SUPREME COURT OF INDIA
SANJIV KHANNA, BELA M. TRIVEDI, JJ.
Securities And Exchange Board Of India - Appellant
Versus
Sunil Krishna Khaitan And Others - Respondents
Civil Appeal No. 8249 of 2013, 1762 of 2014
Decided on : 11-07-2022

Advocates:
Advocate Appeared:
For the Appellant : Mr. Bhargava V. Desai, AOR
For the Respondent: Mr. Somasekhar Sundaresan, Adv. Mr. Divyam Agarwal, Adv. Mr. Pulkit Sukramani, Adv. Ms. Vidhi Jhawar, Adv. Mr. Abhishek, Adv. Mr. Dheeraj Nair, AOR Dr. Sumant Bharadwaj, Adv. Mr. Vedant Bhardwaj, Adv. Ms. Mridula Ray Bharadwaj, AOR

Headnote:(A) Securities and Exchange Board of India Act, 1992 - Sections 11, 11B, and 15T - SEBI (Substantial Acquisition of Shares and Takeovers) Regulations, 1997 - Regulations 10, 11(1), 44, and 45 - The court interpreted Regulation 10 regarding when a public announcement for share acquisition is required, and noted violations by the respondents in relation to public announcements and the issuance of penalties by the Board. The Appellate Tribunal upheld some penalties but disagreed with SEBI’s direction for public announcements as too delayed. (Paras 24, 30, 60, and 76)

(B) Regulation Interpretation - The court emphasized the need for clarity and the power of discretion in regulatory actions, affirming the role of the Appellate Tribunal in interpreting the application of regulations. (Paras 85 and 92)

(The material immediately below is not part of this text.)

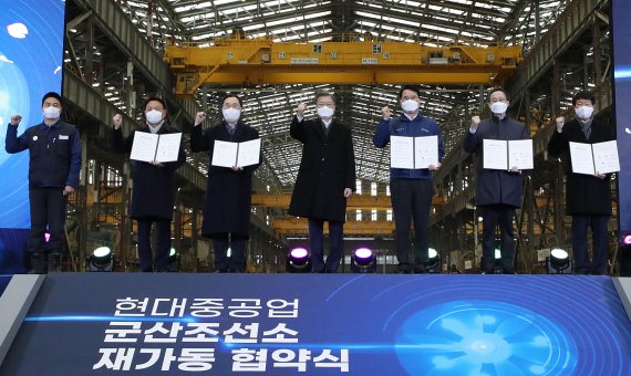 산업통상자원부와 고용노동부는 24일 현대중공업 군산조선소에서 현대중공업, 전라북도, 군산시와 함께 '군산조선소 재가동을 위한 협력협약'을 체결했다고 밝혔다.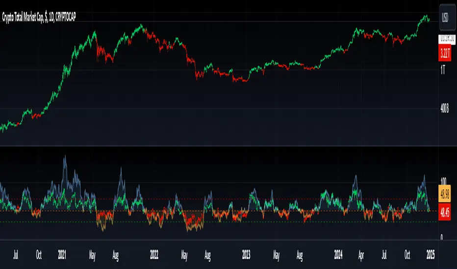 This indicator combines elements of the Relative Strength Index (RSI) and Rate of Change (RoC) to provide a smoother and potentially more insightful view of market momentum and price movement. The Smooth RSI [MarktQuant] calculates RSI values across four price points (high, open, low, close) to average them, offering a less volatile RSI signal. Additionally, it incorporates a Rate of Change for trend confirmation, enhancing the decision-making process for trade entries and exits.

(C) Delay and Laches in Enforcement - The court expressed concern about significant delays in issuing show-cause notices and the implications of such delays on regulatory enforcement. (Paras 80 and 91)

Facts of the case:
The appeals stem from alleged violations of securities regulations by respondents in share acquisitions without timely public announcements, leading to penalties imposed by SEBI. The controversies involved delays and interpretations of regulatory provisions, particularly concerning public offers and penalties.

Findings of Court:
The Appellate Tribunal’s modifications were upheld in terms of penalties for the violations, but the obligation to issue public announcements was deemed inappropriate given the delays involved.

Issues: The main issues included the interpretation of regulators’ powers under securities laws, the necessity of public announcements following acquisitions, and appropriate penalties for violations.

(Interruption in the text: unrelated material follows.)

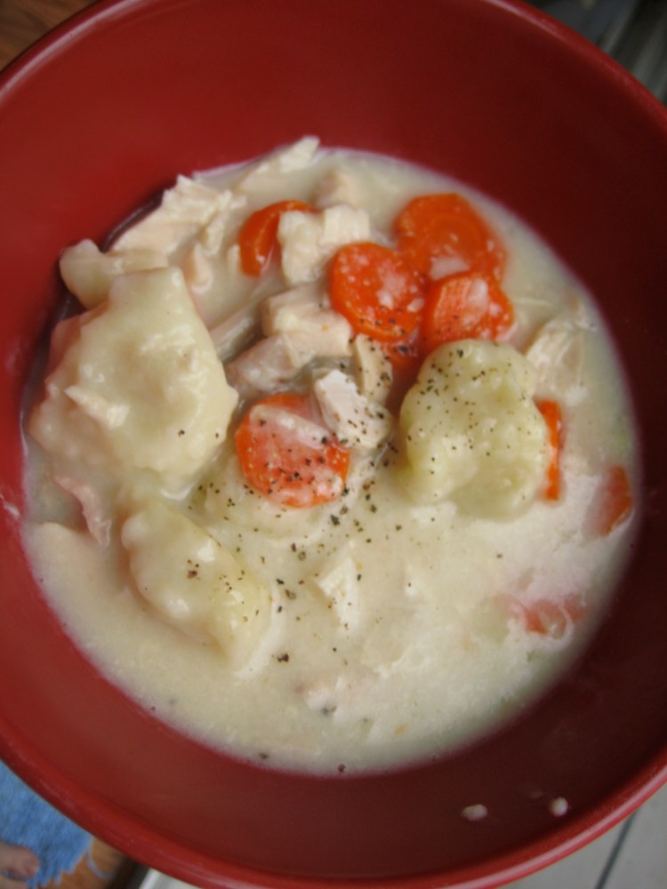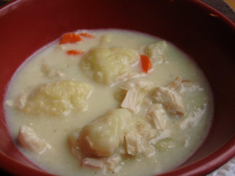 Bringing it altogether: Put the pot of broth on medium-high heat & bring it to a boil, and stir in the milk & pepper. Correct seasonings, if you so desire. Take the dumplings and pinch off 1 1/2-inch pieces, one or two at a time and drop into the boiling broth & reduce the heat to medium-low. Stir from time to time to keep the dumplings from sticking. Continue dropping in the dumplings until there are no more. Cook for 8 to 10 minutes. Add the cut chicken, carrots, & celery to the pot and simmer until heated through. Remove from heat, a couple of grinds with pepper & serve.

Ratio Decidendi: The court ruled that the Appellate Tribunal has broad powers to interpret and modify regulatory directives to ensure adherence to investor protection, emphasizing the importance of timely regulatory action to maintain market integrity.

Result: Appeals dismissed with clarity given on the future regulatory approach.

JUDGMENT :

SANJIV KHANNA, J.

This common judgment would decide the aforesaid two appeals preferred by the Securities and Exchange Board of India1[The ‘Board’, for short.], whereby it has challenged the order of the Securities Appellate Tribunal2[The ‘Appellate Tribunal’, for short.] dated 19th June 2013 in Appeal No. 23 of 2013 titled ‘ Sunil Krishna Khaitan and Others v. Securities and Exchange Board of India ’; and the order dated 31st October 2013 in Appeal No. 2 of 2013 titled ‘ Smt. Madhuri S. Pitti and Others v. Securities and Exchange Board of India ’.

2. Primary questions of law raised in these appeals relates to the interpretation of Regulation 10 of the SEBI (Substantial Acquisition of Shares and Takeovers) Regulations, 1997; 3[Hereinafter referred to as ‘Takeover Regulations 1997’.] the power and exercise of the power by the Board under Regulations 44 read with 45 of the Takeover Regulations, 1997; and the power and jurisdiction of the Appellate Tribunal under Section 15T of the Securities and Exchange Board of India Act, 1992. 4[For short, the ‘Act’.]

A. Background facts:

I) Appeal No. 23 of 2013 (Sunil Krishna Khaitan’s case)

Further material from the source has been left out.